== Segment start ==

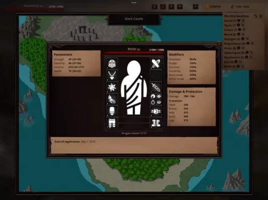 RPG in text style where you are given a hero located on the island, where he can move and fight. For the victory the hero gets experience, money and a thing.
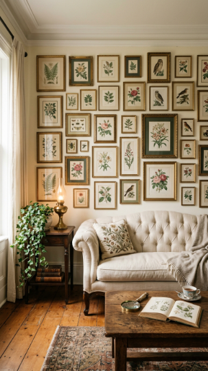 Floor-to-ceiling botanical prints in gilded frames turn the living room into a Victorian naturalist’s paradise.
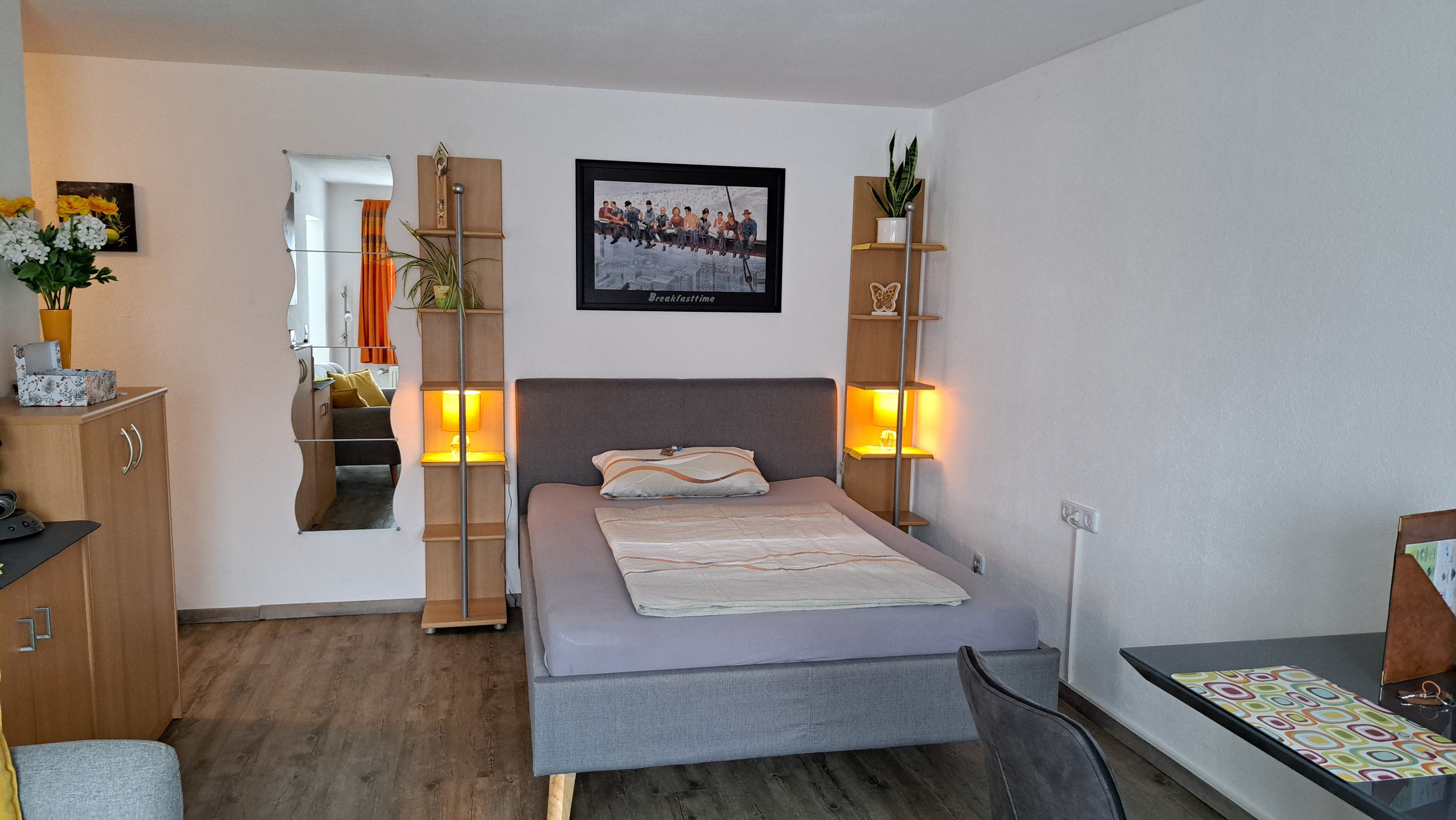 großes Bett mit 1 Nachtschrank, Liegefläche 140x200 cm, Couch für 2 Personen, Essgruppe für 2 Personen, Kühlschrank mit Gefrierfach, TV
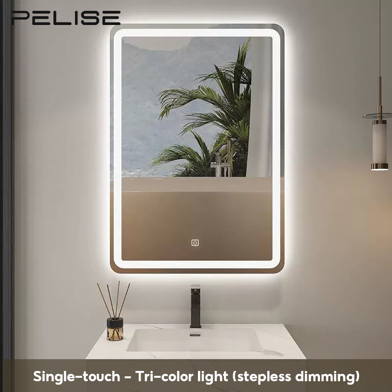 The Pelise Bathroom Smart Mirror is a prime example of the modern trend of integrating technology into bathroom fixtures. It features a sleek, frameless rectangular design that gives it a minimalist and clean look, perfect for contemporary bathroom styles. This smart mirror pushes the trend forward with its built-in, three-tone LED lights that provide flexible and even lighting for tasks like makeup application and shaving. It also includes practical smart features such as a touch sensor for controls, stepless dimming to adjust brightness, and a crucial anti-fog function that ensures a clear reflection even in humid post-shower conditions. Its waterproof construction makes it a safe and durable choice for any modern home.
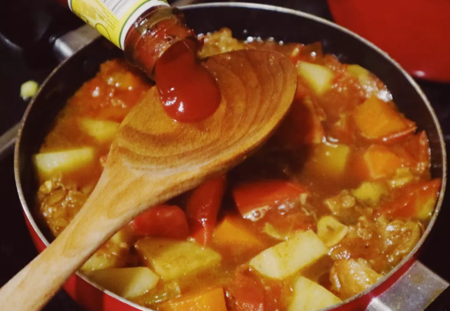 羊腩/牛腩 分量根据各人决定 / 番茄 三个 / 土豆 两个 / 萝卜 一根 / 蒜片 三瓣 / 姜片 五片 / 八角 一粒 / 香叶 两片 / 桂皮 一片 / 葱花 少许 / 生抽 两勺 / 老抽 一勺 / 料酒 两勺 / 冰糖 三粒 / 番茄酱 一勺 / 热水 适量
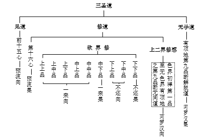 注:1、无垢地至法云地属修道所摄,彼诸共同修法为八圣道(此分法依据大乘《俱舍论》与《现证庄严论》。)
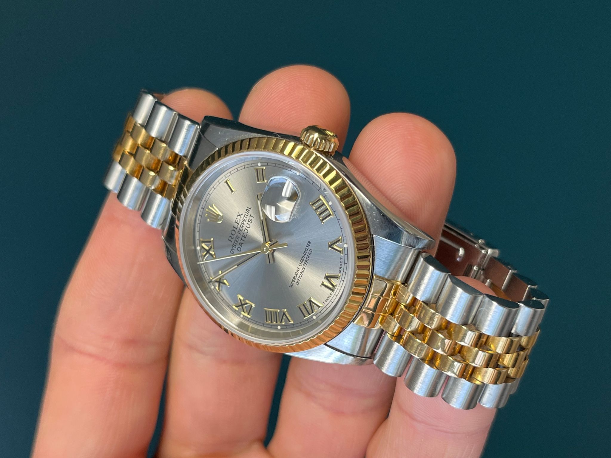 Rolex - 1995 Vintage Rolex Date Just Ref. 16233 No Holes Grey Roman Dial
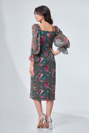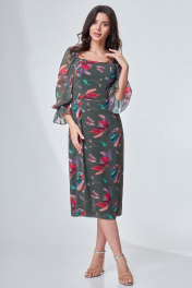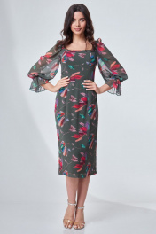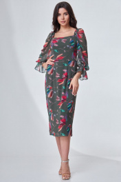 Создайте элегантный образ надев платье с интересным принтом. Это платье является всесезонным. Просто смените сапоги на босоножки, пальто на жакет и в любое время года платье дополнит Ваш стильный образ. Платье женское из шифона, приталенного силуэта, на подкладке. Вырез горловины квадратной формы. Отрезное по линии талии. Перед и спинка с рельефами. По спинке средний шов, в котором вставлена потайная молния, внизу разрез. Рукав втачной длиной 3/4, по окату присборен на резинку, в нижней части рукава сборка на венгерку." Длина платья: 99 см Длина от талии: 75 см Длина рукава: 54 см
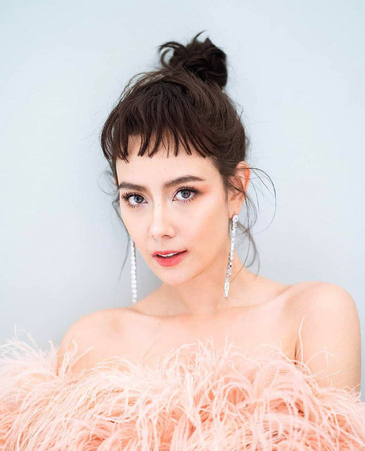 9. ใบเฟิร์น พิมพ์ชนก ในลุคผมม้าหนา พร้อมม้วนลอนด้านข้างเบา ๆ มีความน่ารักแบบฝรั่ง
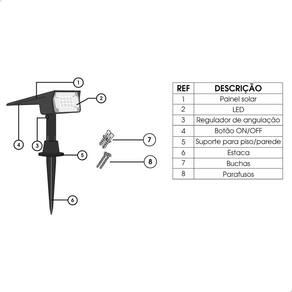 - instalação simples e rápida: posicione o spot em um local que receba bastante luz solar. Um sensor fotossensível acende automaticamente a luminária ao anoitecer.
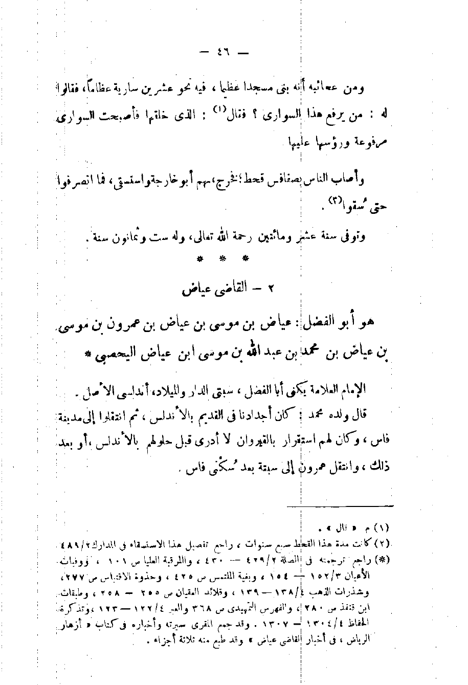هو أبو الفضل: عياض بن موسى بن عياض بن عمرون بن موسى بن عياض بن محمد بن عبد الله بن موسى بن عياض اليحصبي الإمام العلامة يكنى أبا الفضل سبتي الدار والميلاد أندلسي الأصل.
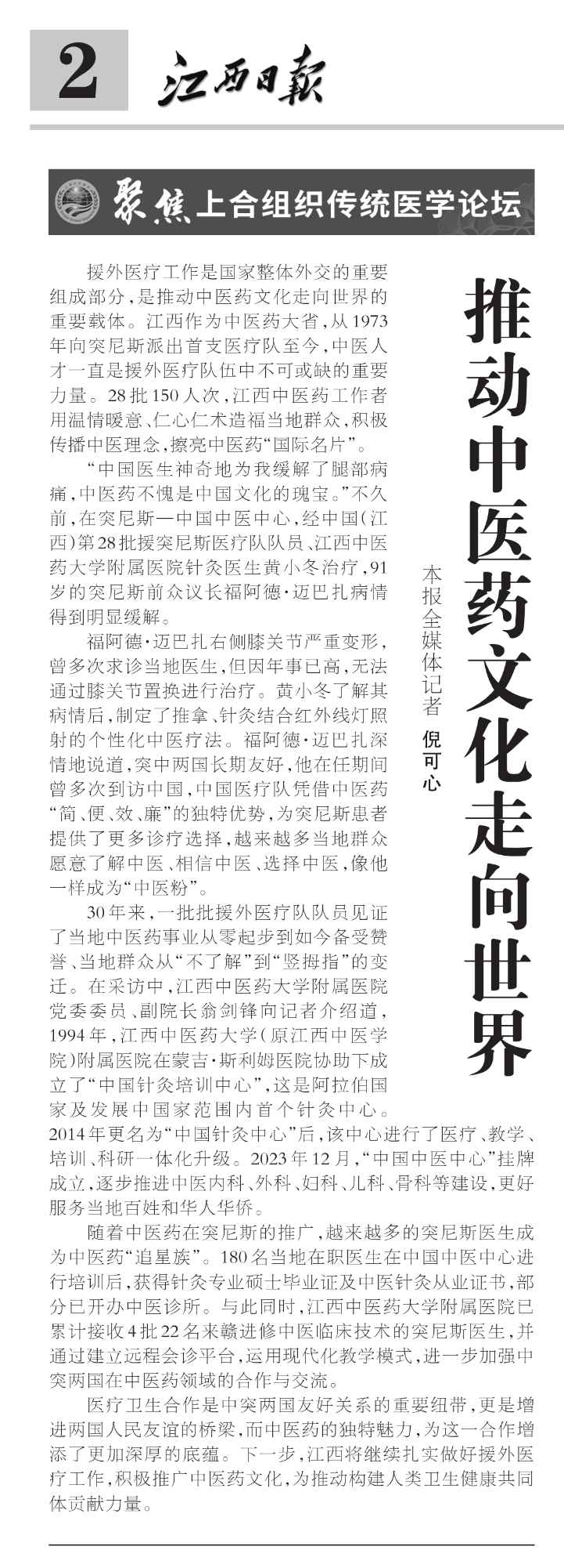 医疗卫生合作是中突两国友好关系的重要纽带,更是增进两国人民友谊的桥梁,而中医药的独特魅力,为这一合作增添了更加深厚的底蕴。下一步,江西将继续扎实做好援外医疗工作,积极推广中医药文化,为推动构建人类卫生健康共同体贡献力量。
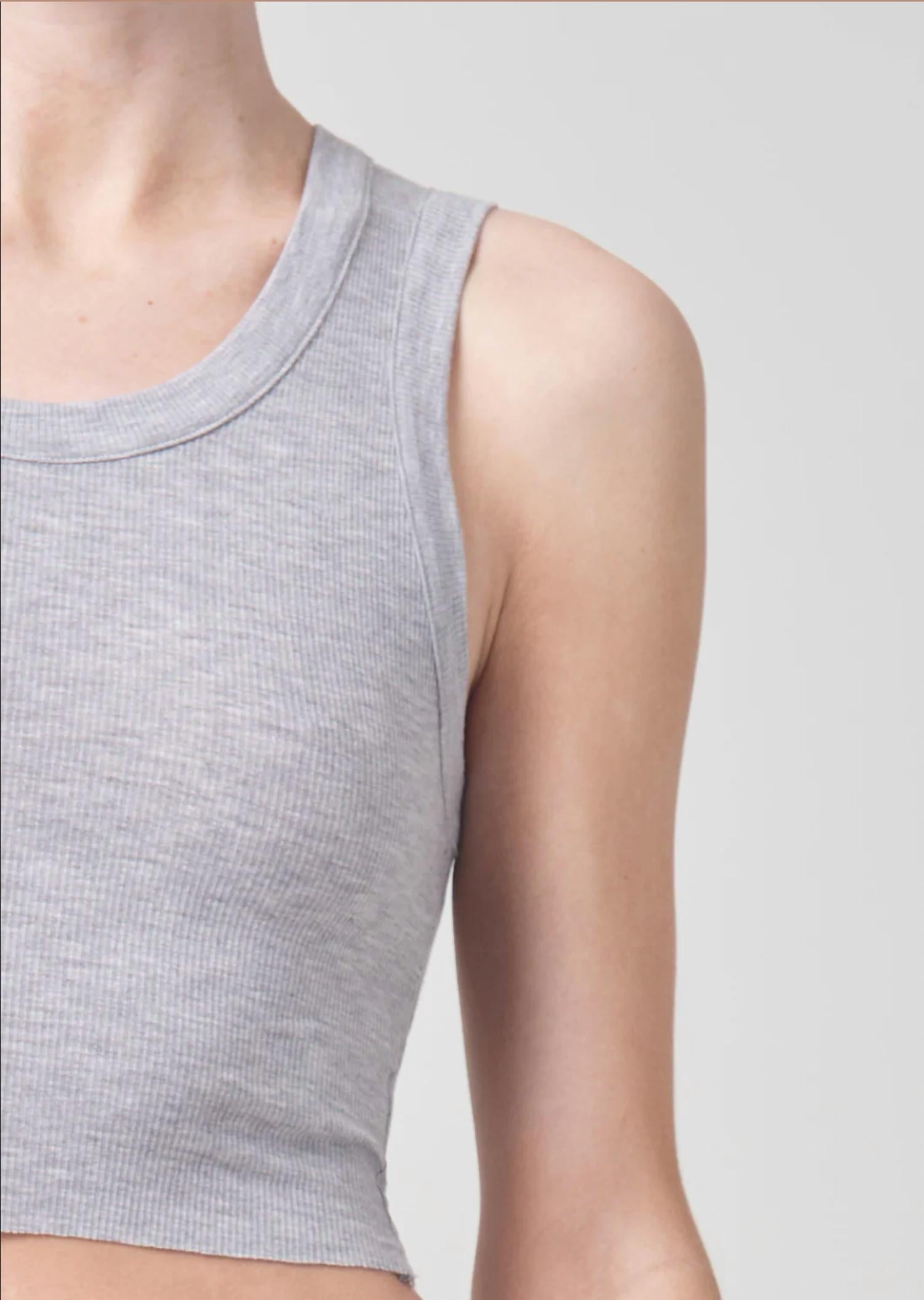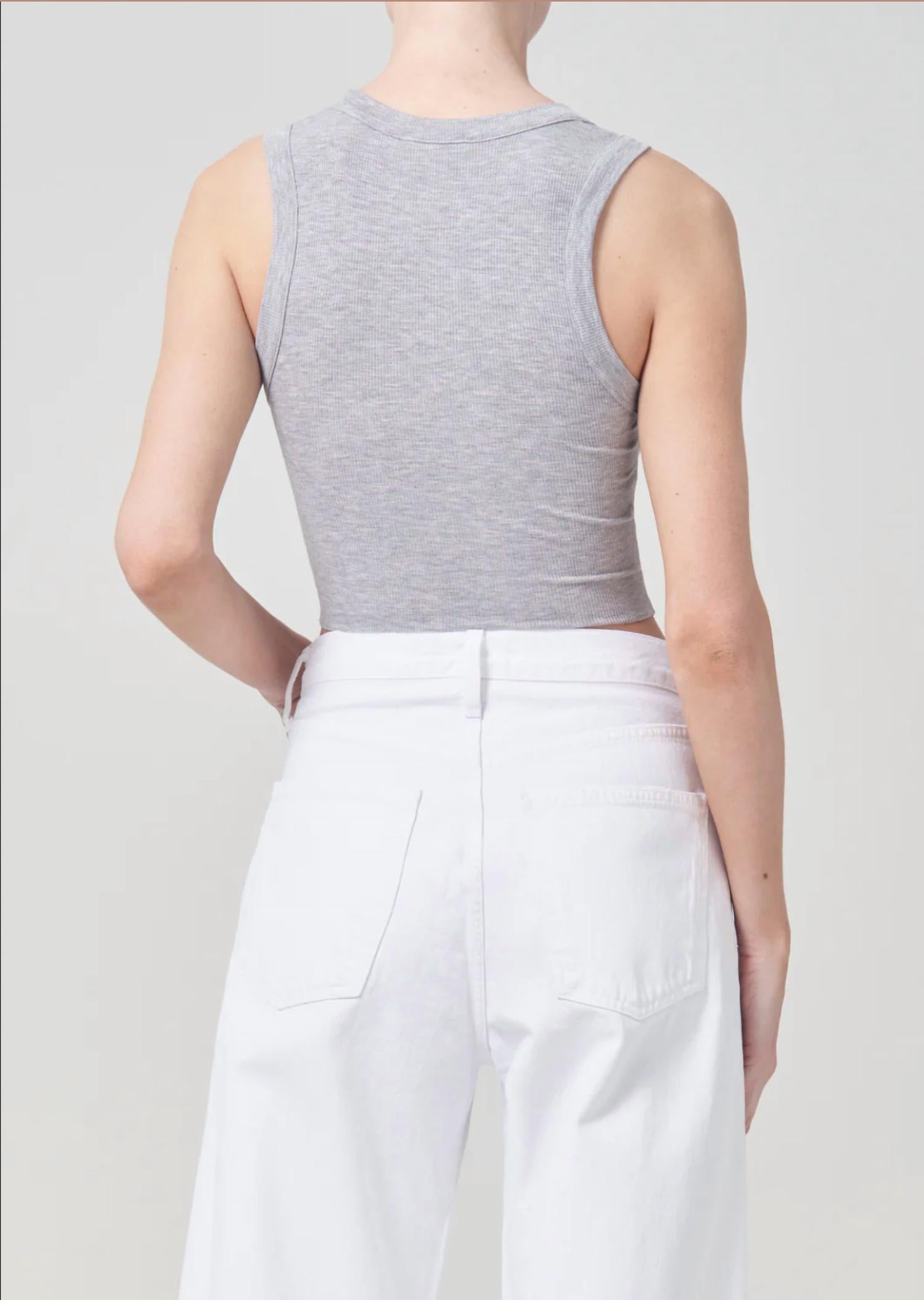 The perfect tank top for those warmer weather seasons. Discover effortless style with the Cropped Poppy Tank by AGOLDE, perfect for your spring wardrobe. Featuring a flattering U-shape neckline, this sleeveless top is crafted from a breathable blend of 49% Organic Cotton, 49% Tencel Lyocell, and 2% Spandex. Made in the US with a solid, heather grey pattern, this cropped tank is designed to fit close to the body for an athletic yet feminine look. Pull-on style. Machine wash for convenience.

== Segment end ==

Prompt: From the listing above, please give again the lines that begin with the line holding "- instalação simples" and go on through the line holding "医疗卫生合作是中突两国友好关", exactly, both ends included, minus any picture.

Response box:
 - instalação simples e rápida: posicione o spot em um local que receba bastante luz solar. Um sensor fotossensível acende automaticamente a luminária ao anoitecer.
هو أبو الفضل: عياض بن موسى بن عياض بن عمرون بن موسى بن عياض بن محمد بن عبد الله بن موسى بن عياض اليحصبي الإمام العلامة يكنى أبا الفضل سبتي الدار والميلاد أندلسي الأصل.
 医疗卫生合作是中突两国友好关系的重要纽带,更是增进两国人民友谊的桥梁,而中医药的独特魅力,为这一合作增添了更加深厚的底蕴。下一步,江西将继续扎实做好援外医疗工作,积极推广中医药文化,为推动构建人类卫生健康共同体贡献力量。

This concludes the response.